Adaptive Experimentation at Scale: A Computational Framework for
Flexible Batches
- URL: http://arxiv.org/abs/2303.11582v4
- Date: Mon, 14 Aug 2023 23:33:28 GMT
- Title: Adaptive Experimentation at Scale: A Computational Framework for
Flexible Batches
- Authors: Ethan Che, Hongseok Namkoong
- Abstract summary: Motivated by practical instances involving a handful of reallocations in which outcomes are measured in batches, we develop an adaptive-driven experimentation framework.
Our main observation is that normal approximations, which are universal in statistical inference, can also guide the design of adaptive algorithms.

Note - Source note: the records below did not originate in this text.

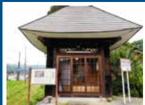
B-7 北谷 地蔵堂 元旦に氏神様にお参り後、地蔵様をお参り。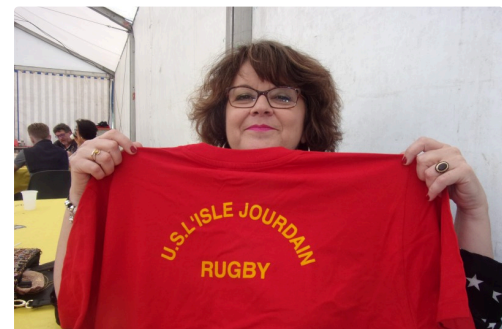
Une gagnante à la tombola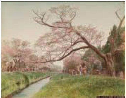
Autore non identificato "Ponte di Arashiyama, Kyoto"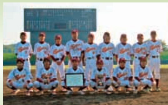
《準優勝を収めた「リラックス」のメンバー》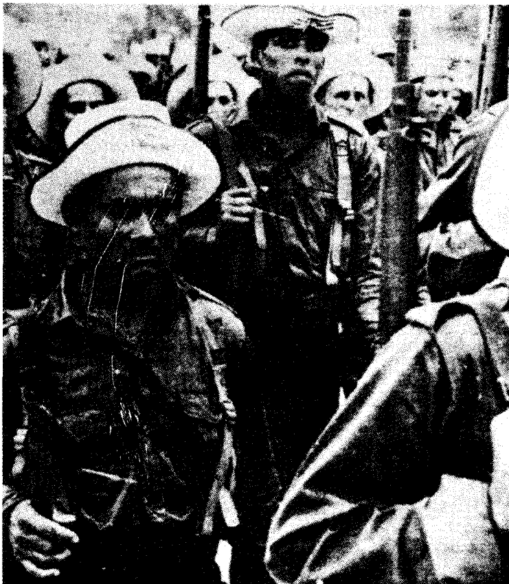
Links: Kubanische Arbeitermiliz während der frühen 60er Jahre. Seite 6: Hauptquartier von Radio Rebelde in der Sierra Maestra.

Inzwischen war die Polarisierung innerhalb der heteroge-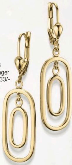
23-213 Ohrhänger Gold 333/- 219,00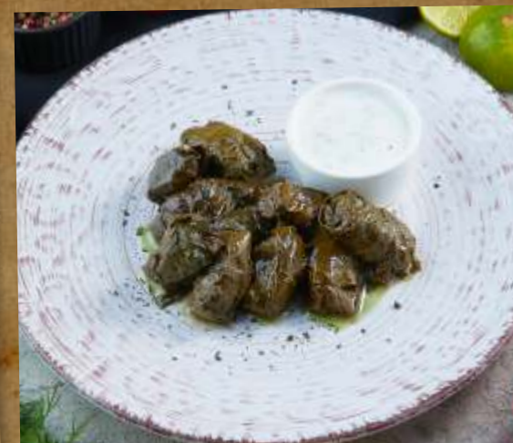
ДОЛМА «DOLMA» STUFFED GRAPE LEAVES ROLL WITH MINCED MEAT WITH RICE 葡萄叶羊肉包饭

- Score: 7.390918770007728
- License: http://arxiv.org/licenses/nonexclusive-distrib/1.0/
- Abstract: Standard bandit algorithms that assume continual reallocation of measurement
effort are challenging to implement due to delayed feedback and
infrastructural/organizational difficulties. Motivated by practical instances
involving a handful of reallocation epochs in which outcomes are measured in
batches, we develop a computation-driven adaptive experimentation framework
that can flexibly handle batching. Our main observation is that normal
approximations, which are universal in statistical inference, can also guide
the design of adaptive algorithms. By deriving a Gaussian sequential
experiment, we formulate a dynamic program that can leverage prior information
on average rewards. Instead of the typical theory-driven paradigm, we leverage
computational tools and empirical benchmarking for algorithm development. In
particular, our empirical analysis highlights a simple yet effective algorithm,
Residual Horizon Optimization, which iteratively solves a planning problem
using stochastic gradient descent. Our approach significantly improves
statistical power over standard methods, even when compared to Bayesian bandit
algorithms (e.g., Thompson sampling) that require full distributional knowledge
of individual rewards. Overall, we expand the scope of adaptive experimentation
to settings that are difficult for standard methods, involving limited
adaptivity, low signal-to-noise ratio, and unknown reward distributions.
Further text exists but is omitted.